12月29日、豊岡市伊豆地区の田んぼで越冬に入ったコハクチョウ9羽の群れの中に、1羽のマナヅルを見つけました。このマナヅルは前日まで京丹後市久美浜町で一ヶ月間観察されていたものと同一個体に違いありません。
数年前に六方田んぼで越冬したソデグロヅルを観察してきた経験から、この時期に飛来したマナヅルはこのままここで越冬するだろうと思い、以後、飛来情報をネット等で公開することなく静かに見守ることにしました。
新年が開けても、マナヅルは飛来時と同じエリアに留まり続けました。行動範囲は非常に狭いエリアに限られ、ひとつの田んぼを隅から隅まで往復しながら、時にはイネの二番穂、時には水田雑草の根、時には小動物と、一日中顔を地面に向けて餌を食べ続けました。冬期湛水田はコハクチョウやマナヅルの安全地帯として機能しており、観察者などが接近すると水面に移動して警戒を続けるという行動を見せます。
また、冬期湛水田は水鳥の安全なねぐらとしての機能も果たしており、コハクチョウとマナヅルが同じ湛水田でねぐら入りした様子も観察しました。
マナヅルがコウノトリと一緒に同じ湛水田でねぐら入りしているのも観察しました。
常駐場所で農耕作業が行われると、少し北の田んぼに移動して一日中餌を食べ続けていました。日没とともに、いつもの冬期湛水田に飛んで戻りました。
ソデグロヅルもそうでしたが、マナヅルも時々「踊り」を舞います。繁殖相手に対してではなく、単独生活の中でも彼らは本能的にこのような「踊り」の行動を見せるようです。

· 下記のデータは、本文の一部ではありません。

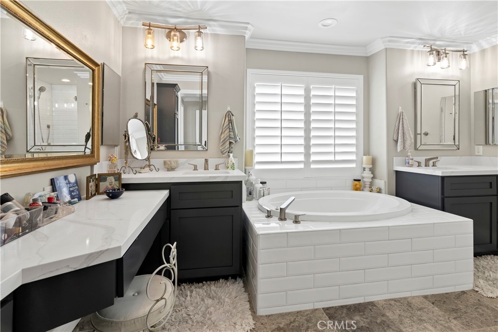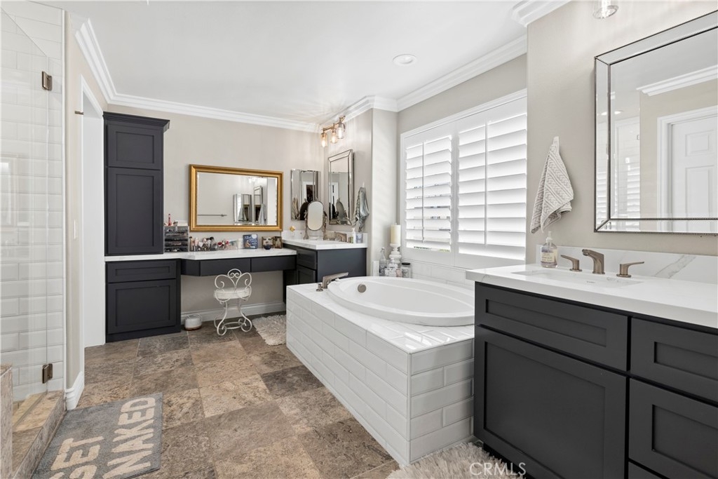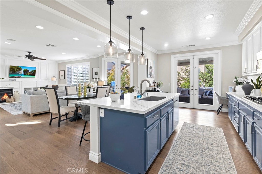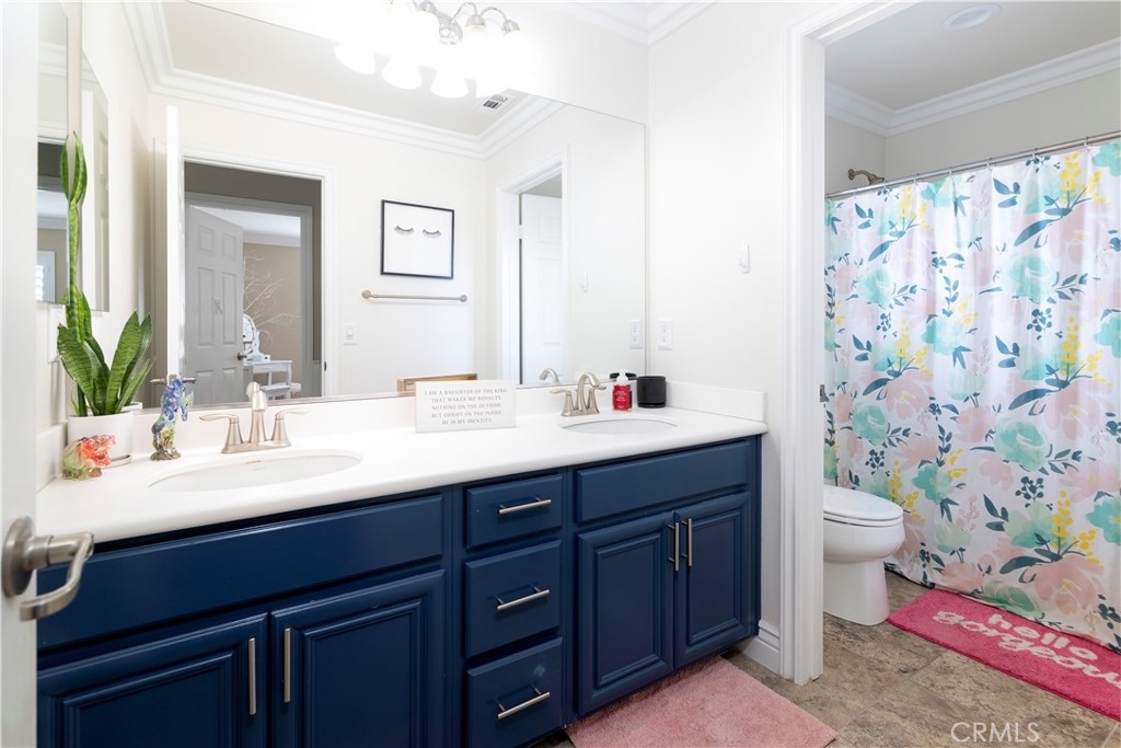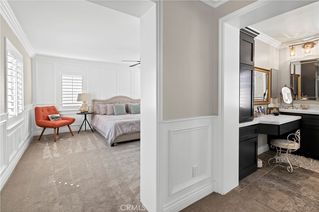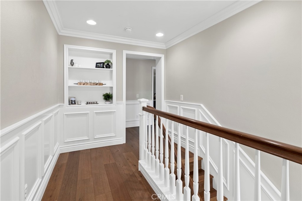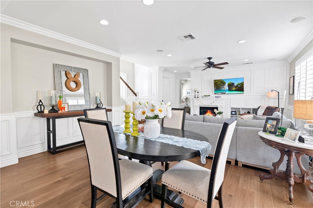Welcome to this stunning Harveston home with all the upgrades you could dream of! Salt Water Pool, Spa and PAID Solar. This 4 bedroom, 3 bath home features a main floor bedroom and bathroom, perfect for guests or multi-generational living. As you enter the home, you'll notice the beautiful wainscoting, custom door casing, and European Oak flooring throughout. The living room and downstairs bedroom boast custom built-in cabinets, while crown molding and plantation shutters add an elegant touch. The kitchen is a chef's dream with quartz countertops, marble backsplash, pendant lighting, and stainless steel appliances. The open concept living space includes a dining room and family room with fireplace, perfect for entertaining. Upstairs you'll find the primary suite with a completely remodeled bathroom featuring dual sinks, a walk-in shower, and a large soaking tub. Two additional bedrooms and a laundry room complete the upstairs living space. Custom French doors lead you outside to your own private paradise with a salt water pool and spa, covered patio with fans and TV, and a putting green on the side yard. The block wall and Carolina Cherry Trees add extra privacy. This home is zoned for award-winning Temecula schools and walking distance to Ysabel Barnett Elementary and Chaparral High School. Enjoy all the amenities Harveston has to offer, including a Jr. Olympic pool, spa, and children's splash park. Conveniently located near shopping, restaurants, Old Town, Wine Country, and the freeway, this home truly has it all. Don't miss your chance to own this beautiful Harveston property!

2月25日の朝、私がマナヅルを見た最後のシーンです。数日前から。姿が見えなくなるほど空高く舞い上がる行動を見せており、飛去のタイミングを図っている様子でした。この朝は気温は下がりましたが、晴れのよい天気になりました。マナヅルはこの日を北に向かう時と決めたようです。同日夕刻以降、マナヅルの姿を見かけることはありませんでした。ちょうど2ヶ月間のマナヅルの越冬滞在でした。